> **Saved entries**
"""

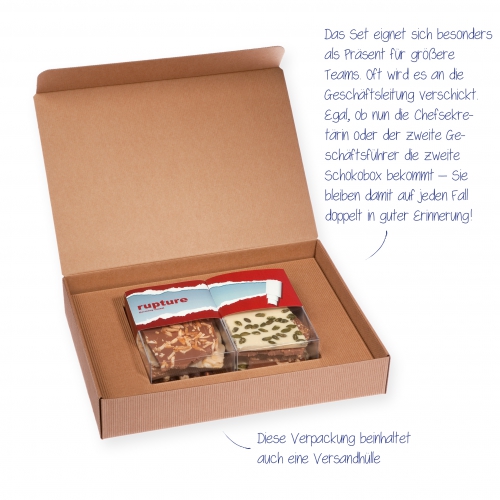 Handgeschöpfte Schokolade-Präsentbox im Zweier-Set
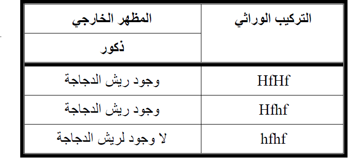 جدول يبين التراكيب الوراثية لظاهرة وجود ريش الدجاجة في الذكر المتأثرة بالجنس
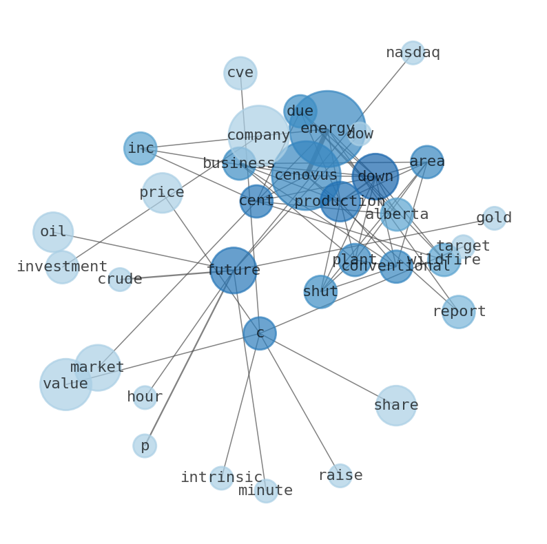 This document will help you to evaluate Cenovus Energy without reading an infinite amount of sources. Relying only on stock quotes or prices to make investment decisions is a mistake. Analyzing and observing stock charts, highs and lows and other numerical data does not allow to evaluate the real value of a company. Stock quotes and prices are the result of underlying characteristics of a company and of events and news happening around them. For this reason, investing must be based on information, not numbers. As a solution, we programmed an artificial intelligence that reads the whole internet and the uses natural language processing and vectorizers to summarize the information. Usually, the AI reads several hundred pages and summarize it to a short document. This document presents our results. We found that the most common words in the internet about Cenovus Energy are: Energy, Cenovus, company, value, shut, production, Futures, …
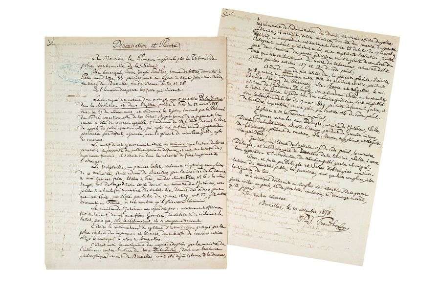 L.A.S. au «Procureur impérial près le Tribunal de police correctionnelle de la Seine». S.l., 10 novembre 1858. 6 pp. in-folio.
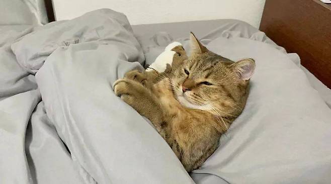 네티즌이 퇴근하고 집에 돌아왔는데 고양이가 보이지 않아서 집안을 여기저기 살펴보았습니다. 그러다가 침실에서 이불 속에서 쉬고 있는 고양이를 발견했습니다.
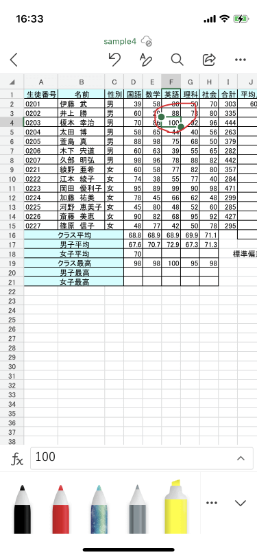 Excel for iPhoneでのペンは、ペンと蛍光ペン、鉛筆の3種類が用意されています。ペンの種類を変更するには、描画ツール一覧から変更したいペンを選択します。
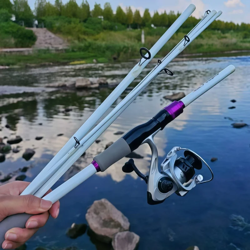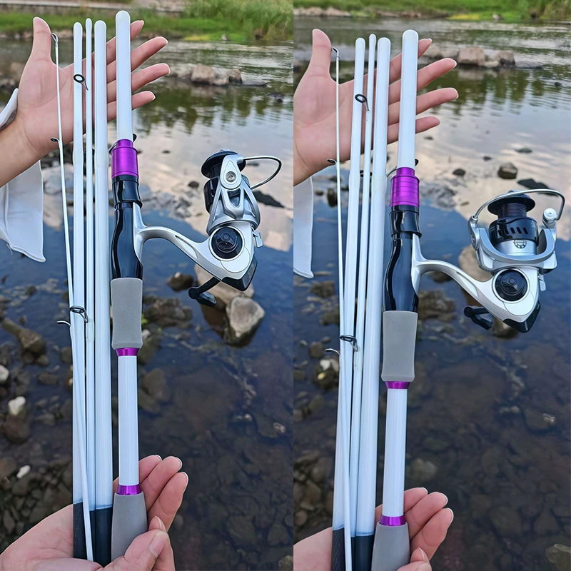 Juego de cañas de pescar giratorias de 4/5 secciones, caña de señuelo de carbono duro y carrete de Baitcasting 7,2: 1/5,2:1, arrastrar máximo de 8 KG para pesca de lubina y Lucio
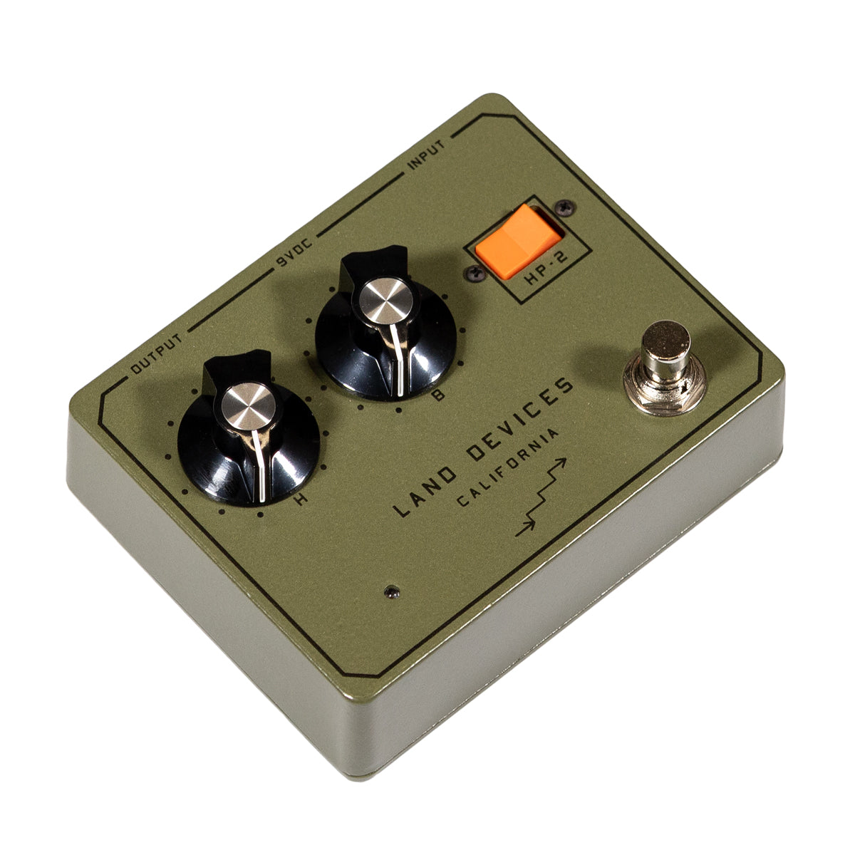 The Land Devices HP-2 in Army Green is a versatile distortion pedal designed to move between harmonic saturation and aggressive drive. It’s a straightforward yet highly dynamic unit, capable of delivering everything from a light boost to full-scale blown-out distortion. The HP-2 is built for players who want simple controls with a wide tonal range.
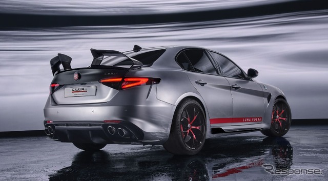 この特別モデルは、一連の技術的改良と専用カーボンファイバーキットにより、史上最もエクストリームなジュリア クアドリフォリオとなった、とアピールする。空力効率の傑作として、量産版の最大5倍のダウンフォースを発生させながら、驚くほど低い抗力値を維持しているという。ボンネットの下には、象徴的な2.9リットルV6ツインターボエンジンが520hpを発揮し、機械式セルフロッキングディファレンシャルと組み合わされている。
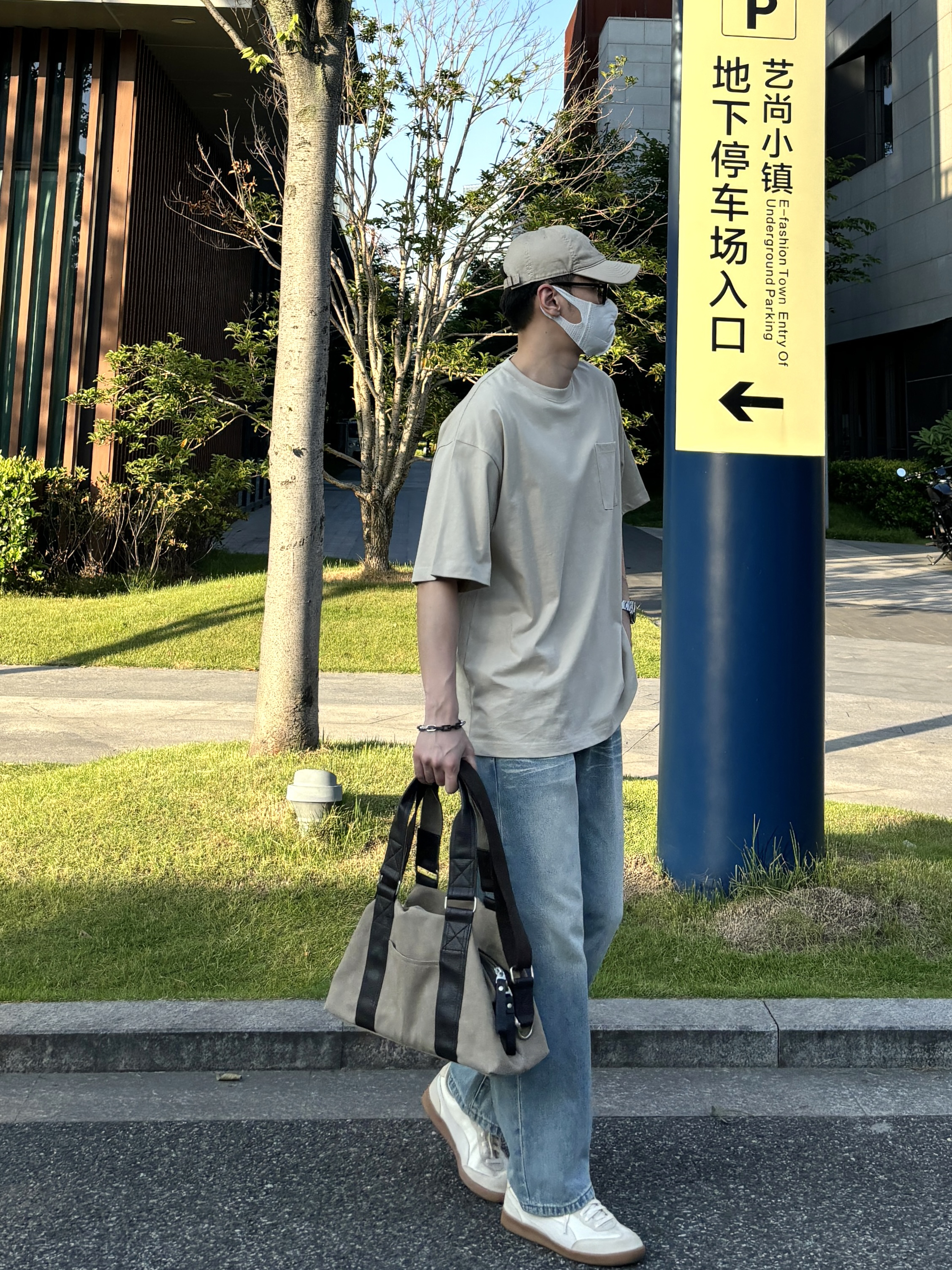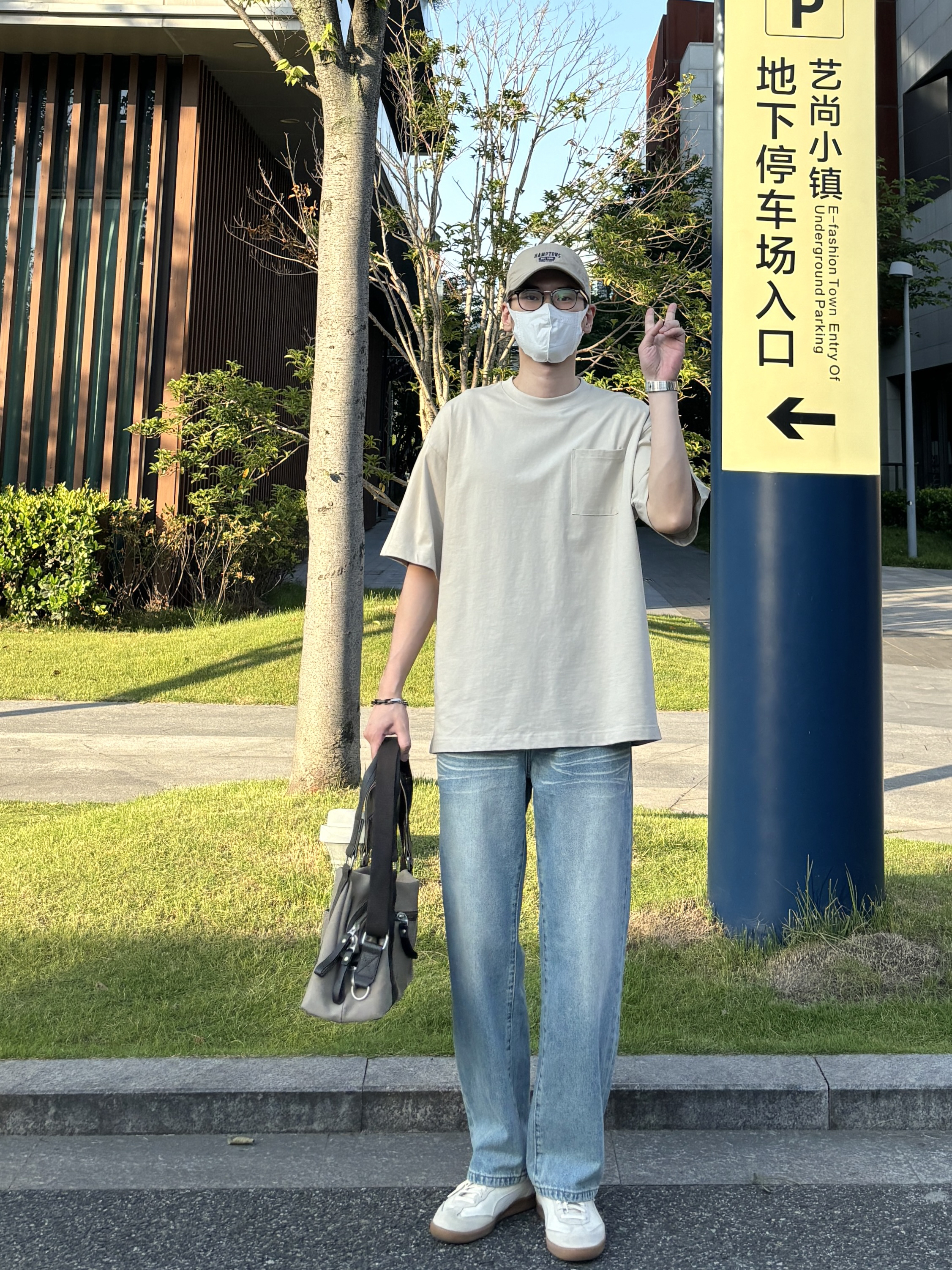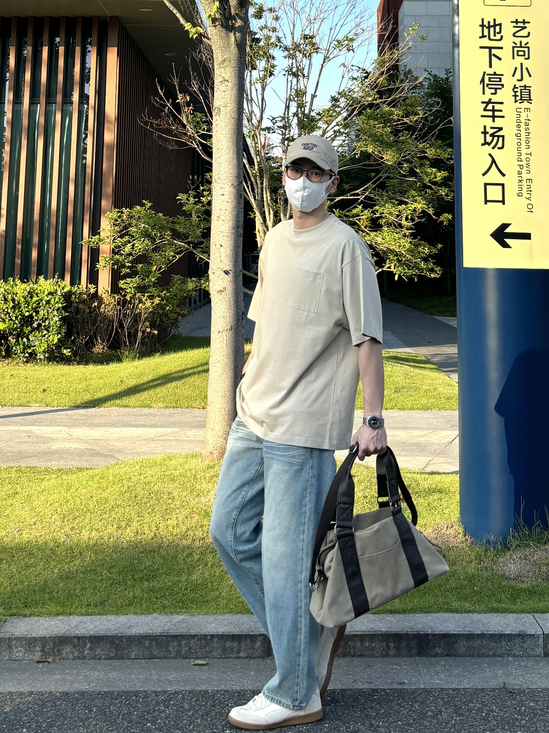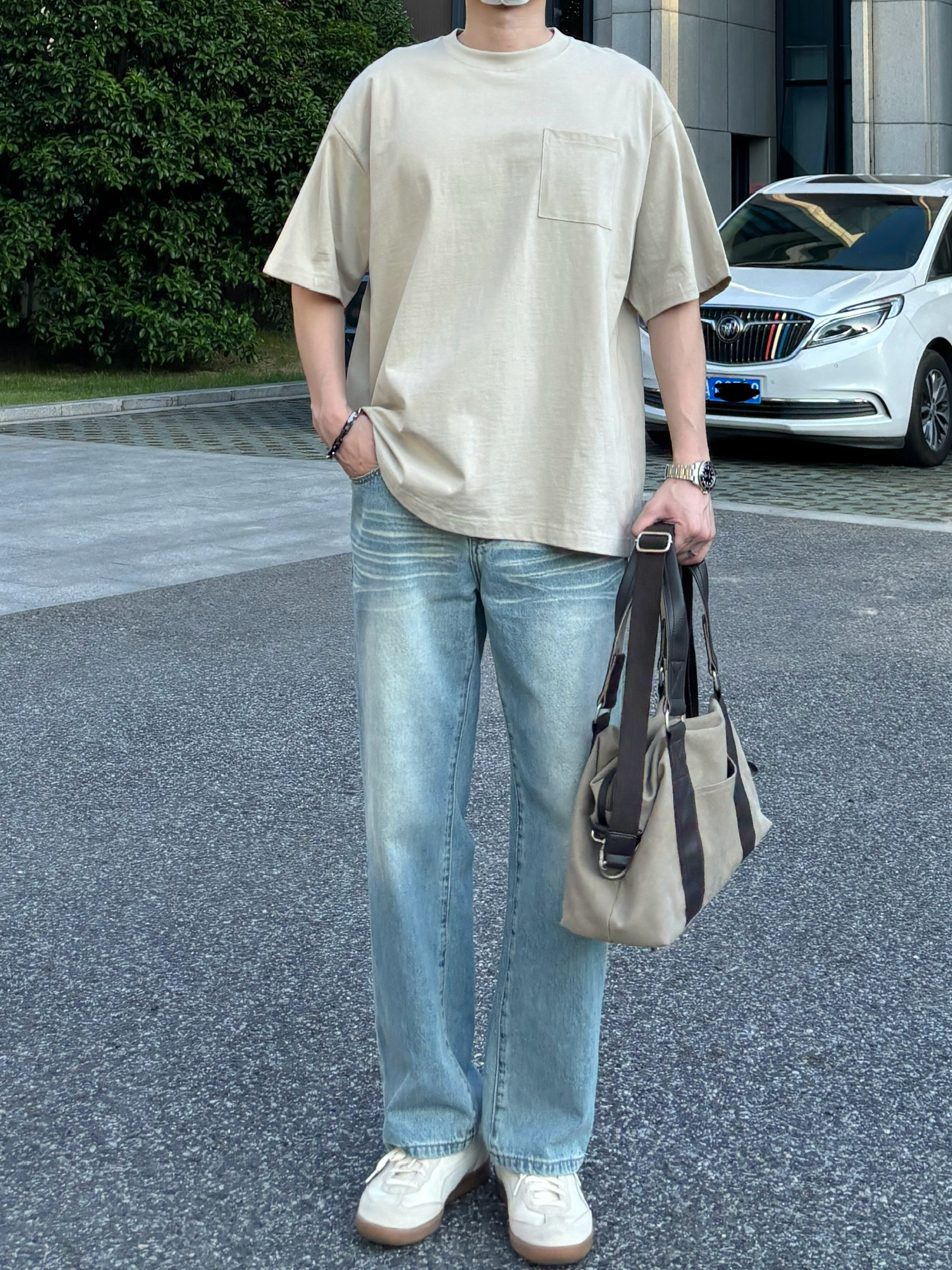 今天这套上衣穿了一件卡其色重磅宽松大口袋圆领T恤 ⬇️ 裤子选择简约大方的水洗直筒猫须纹牛仔裤 ⬇️ 鞋子上脚清爽干净的米白色puma德训鞋 ⬇️ 最后拿上大容量帆布拼接手提包 - 今日搭配 衣服裤子都来自:NICE LILI 鞋子:puma liga

"""

Retype only the lines that run from the first line of the entries above to the line containing "네티즌이 퇴근하고 집에", both included. Do not carry over any pictures.

> **Your response**
 Handgeschöpfte Schokolade-Präsentbox im Zweier-Set
 جدول يبين التراكيب الوراثية لظاهرة وجود ريش الدجاجة في الذكر المتأثرة بالجنس
 This document will help you to evaluate Cenovus Energy without reading an infinite amount of sources. Relying only on stock quotes or prices to make investment decisions is a mistake. Analyzing and observing stock charts, highs and lows and other numerical data does not allow to evaluate the real value of a company. Stock quotes and prices are the result of underlying characteristics of a company and of events and news happening around them. For this reason, investing must be based on information, not numbers. As a solution, we programmed an artificial intelligence that reads the whole internet and the uses natural language processing and vectorizers to summarize the information. Usually, the AI reads several hundred pages and summarize it to a short document. This document presents our results. We found that the most common words in the internet about Cenovus Energy are: Energy, Cenovus, company, value, shut, production, Futures, …
 L.A.S. au «Procureur impérial près le Tribunal de police correctionnelle de la Seine». S.l., 10 novembre 1858. 6 pp. in-folio.
 네티즌이 퇴근하고 집에 돌아왔는데 고양이가 보이지 않아서 집안을 여기저기 살펴보았습니다. 그러다가 침실에서 이불 속에서 쉬고 있는 고양이를 발견했습니다.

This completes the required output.